MemVerge and Open Source Community Partner to Protect Distributed HPC Applications with DMTCP
ST. LOUIS, November 15, 2021 / PRNewswire / – At SC21 MemVerge® and the DMTCP project announced a partnership designed to accelerate the development and adoption of the long-awaited Multithreaded Distributed Control Point (DMTCP) technology.
Checkpoint is commonly used by business applications to minimize downtime, but checkpoint is nearly impossible for complex distributed HPC applications with large data sets. In development for over a decade, DMTCP recently made the impossible possible for several workloads, including VLSI circuit simulators, circuit verification, mathematics formalization, bioinformatics, network simulators, physics energy, cybersecurity, big data, middleware, mobile computing, cloud computing, GPU virtualization and high performance computing (HPC). DMTCP is ready for commercialization and wider deployment.

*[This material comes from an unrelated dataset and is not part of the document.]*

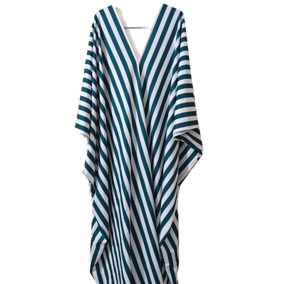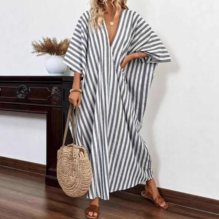 Vestido elegante a rayas con cuello en V profundo, estilo casual y holgado, antiestático, para mujer, disponible para envío transfronterizo a Europa y América.

The collaboration between the DMTCP project and MemVerge will facilitate DMTCP’s entry into the market. The partnership includes MemVerge developers joining the DMTCP project and contributing to open source development; MemVerge providing commercial support for open source DMTCP software; and MemVerge integrating the fully tested and supported version into application-specific big memory solutions. MemVerge also started a collaboration with the National Energy Research Scientific Computing Center (NERSC) to optimize MPI-Agnostic Network-Agnostic (MANA), a plugin on top of DMTCP that was used for transparent control of MPI on Cori supercomputers. and Perlmutter. .
“The robust and efficient control points give us flexibility in scheduling system maintenance tasks and real-time data processing for experimental facilities. This functionality also allows us to perform better jobs, which ultimately leads to increased system utilization and improved job throughput for our nearly 8,000 scientists. users, ”said Rebecca Hartman Baker, User Engagement Group Leader, National Energy Research Scientific Computing Center (NERSC), Lawrence Berkeley National Laboratory.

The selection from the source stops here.